Но по этой ли апостольской истине строит писатель своё понимание жизни? Нет: у Шмелёва пока его
Шмелёв пока как бы вне Православия ещё, но он и вне толстовства. Заметим: для Шмелёва Толстой — не религиозный учитель, но лишь нравственный авторитет.
В письме к Горькому от 22 ноября 1910 года Шмелёв называет Толстого «человеком величайших стремлений и величайшей красоты душевной». В том же письме он так формулирует смысл писательской деятельности: «Хоть крупицу поднять на себя из того делания, которое завещано Толстым»525
.В подобном отношении к Толстому Шмелёв, разумеется, не был исключением среди русских литераторов. Громадный авторитет Толстого признавался и отмечался большинством писателей, от Чехова и Бунина до Блока и Л.Андреева.
Но в утверждении своей писательской самобытности Шмелёв скорее бессознательно преодолевал влияние Толстого, своё совпадение с Толстым.
Значительно сказалось в дореволюционном творчестве Шмелёва воздействие Ф.М.Достоевского.
В изображении жизни «маленького человека» Шмелёв наследник Достоевского несомненный — о том писала ещё критика 1910-х годов. Сопоставление «Человека из ресторана» с «Бедными людьми» стало уже общим местом, начиная с первых отзывов на повесть Шмелёва. Психологический рисунок некоторых характеров у Шмелёва также заставляет вспомнить Достоевского. Самым показательным примером является образ Кривого, жильца Скороходовых, в повести «Человек из ресторана», выписанный с большой художественной силой, с глубоким проникновением в психологию человека, надорвавшегося в непосильных тяготах жизни. Его можно поставить в один ряд с кривляющимися, заносчивыми, самоуничижающимися и страдающими «шутами» Достоевского (такими, как, например, штабс-капитан Снегирёв).

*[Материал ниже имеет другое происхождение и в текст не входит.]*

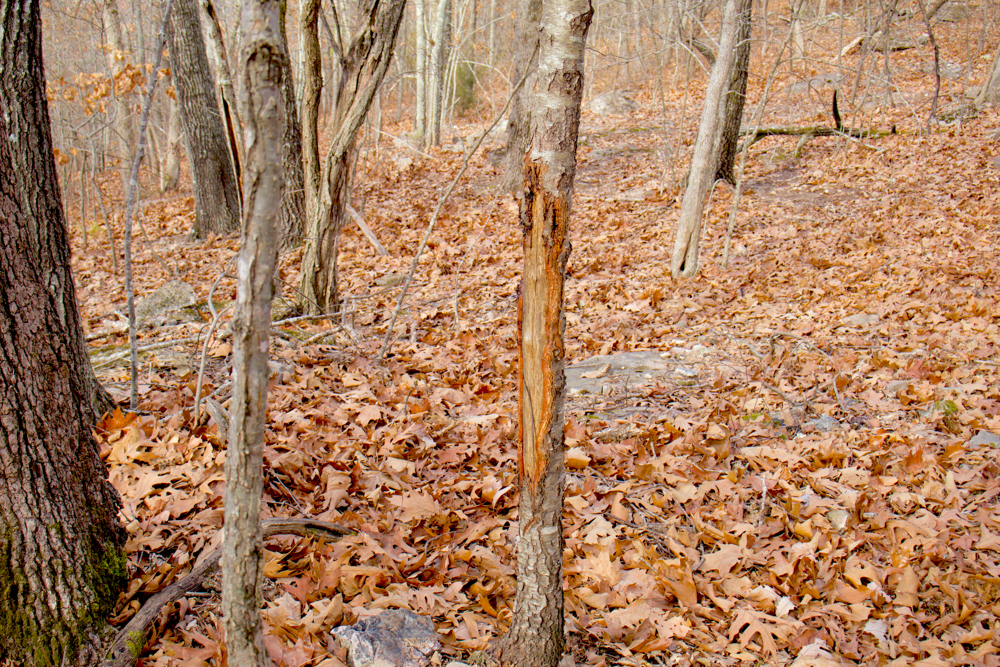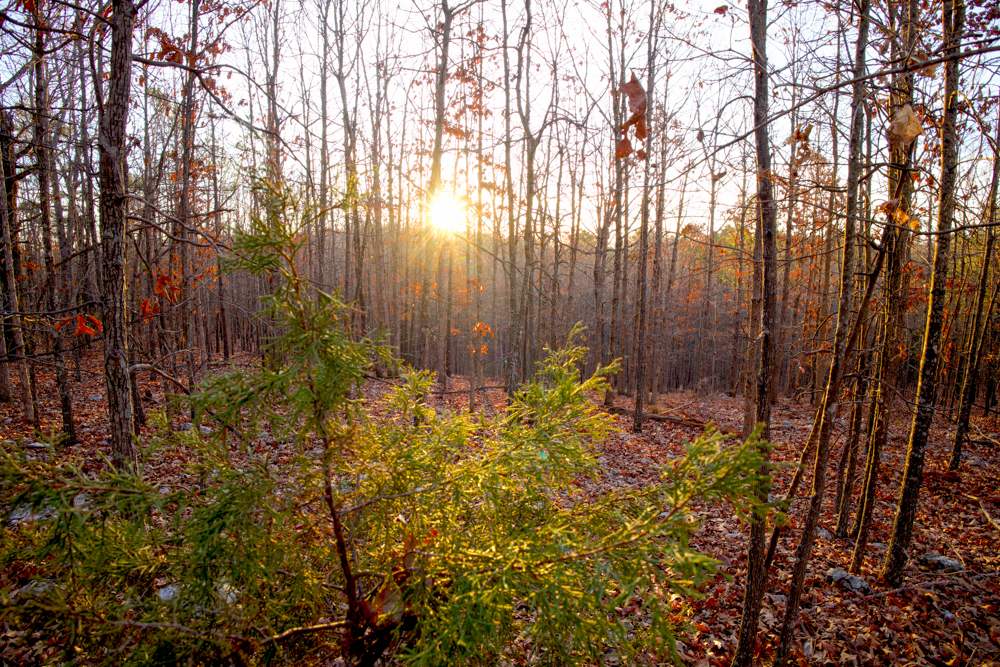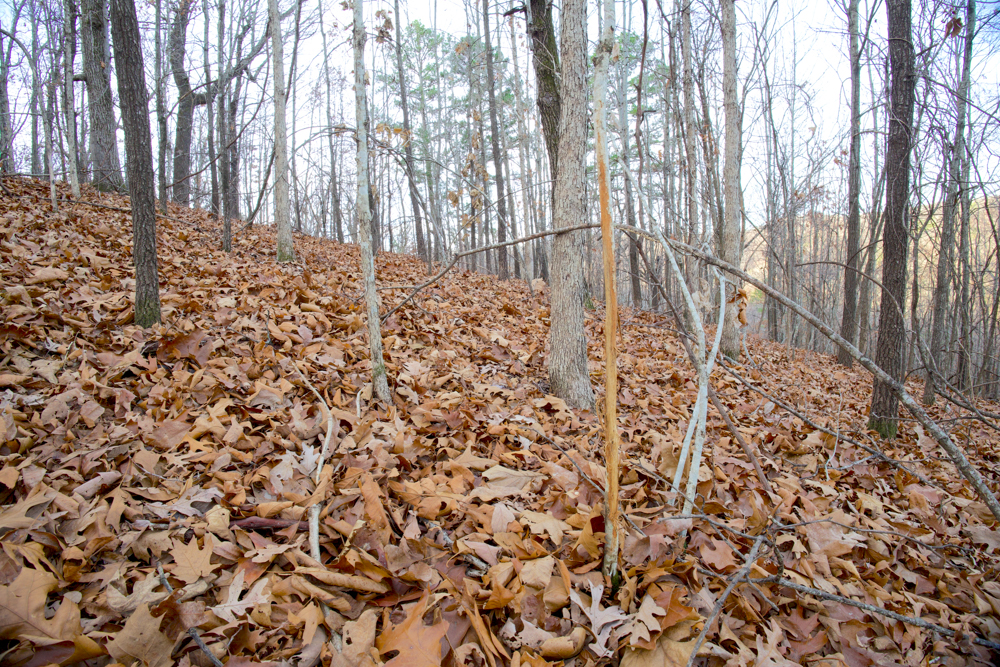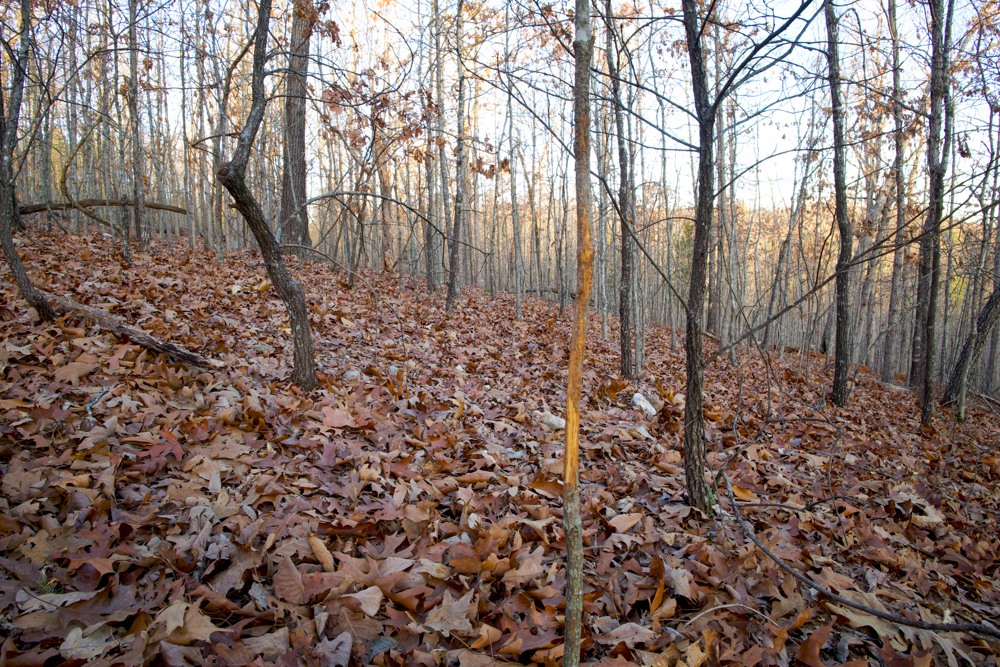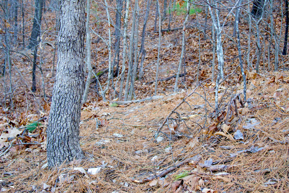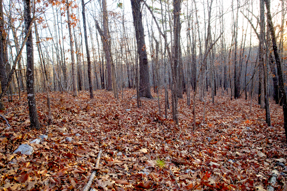 - Heavily wooded — White and red oak with some pine mixed in

Существенно, однако, иное. В Достоевском Шмелёва влекло проникновение в важнейшие духовные законы жизни. Соединение основ этических с религиозными представлялось Шмелёву важнейшим в мировоззрении Достоевского, хотя в полноте православный характер творчества великого предшественника своего он до поры не постигал. Внимание к идеям Достоевского особенно заметно в небольшой повести «Лик скрытый». Скрытый лик жизни пытается увидеть и обрести в душе своей один из персонажей повести капитан Шемётов. «…Есть ещё очень мало обследованная наука… пси-хо-ма-те-матика! — рассуждает Шемётов. — Вот этой-то психоматематикой и движется жизнь, и мы с вами живём, хоть иногда и не чуем. А чуять бы не мешало…Это наука о жизни Мировой Души, о Мировом Чувстве, о законах направляющей Мировой Силы. Вы верите в незыблемые законы материи… их вы можете уложить в формулы. Но есть законы, которые в формулы ещё никто не пробовал уложить. <…> Её законы ещё не нащупаны… и величайший, быть может, закон — закон непонятной нам Мировой Правды! Не справедливости… это всё маленькое, самому дикому человеку доступное… а Правды! Я, положим, называю его… ну, законом Великих Весов!» (1,345). Шемётов «устанавливает» закон всеобщей ответственности человечества за все страдания, понесённые кем-либо на земле — «закон Великих Весов», — который учитывает «и писк умирающего какого-нибудь самоедского ребёнка, и мёртвую жалобу обиженного китайца, и слёзы нищей старухи, которая плетётся сейчас где-нибудь в Калужской губернии… и подлое счастье проститутки-жены, которая обнимает любовника, когда её муж в окопах! Громаднейшие Весы, а точность необычайная, Закон тончайшего равновесия…» (1,346). Искупление Шемётов видит в необходимости новых страданий, и эти искупительные страдания, новый «Крест», приведут человечество в «небесное Царствие».
Тут много декадентского, неправославного (Мировая Душа, Мировое Чувство, Весы…). Математическое уравновешивание совершённого зла новыми страданиями — доморощенная идея с католическим привкусом. Вероятно, в этой теории отразились в какой-то мере метания и самого Шмелёва. И видно, что у него есть потребность искать помощи у Достоевского. Так, можно провести прямую параллель между «писком умирающего какого-нибудь самоедского ребёнка» и «слезинкой ни в чём неповинного ребёнка» у Достоевского. Мысль о всеобщей ответственности за зло и страдания в мире — прямо заимствована у автора «Братьев Карамазовых», недаром же называется его имя:
«— Это что-то у Достоевского… — сказал Сушкин, но вспомнить не мог.
— Не знаю. А если у Достоевского есть — очень рад. Да и не может не быть у Достоевского этого. Он имел тонкие инструменты и мог прикасаться к Правде» (1,346).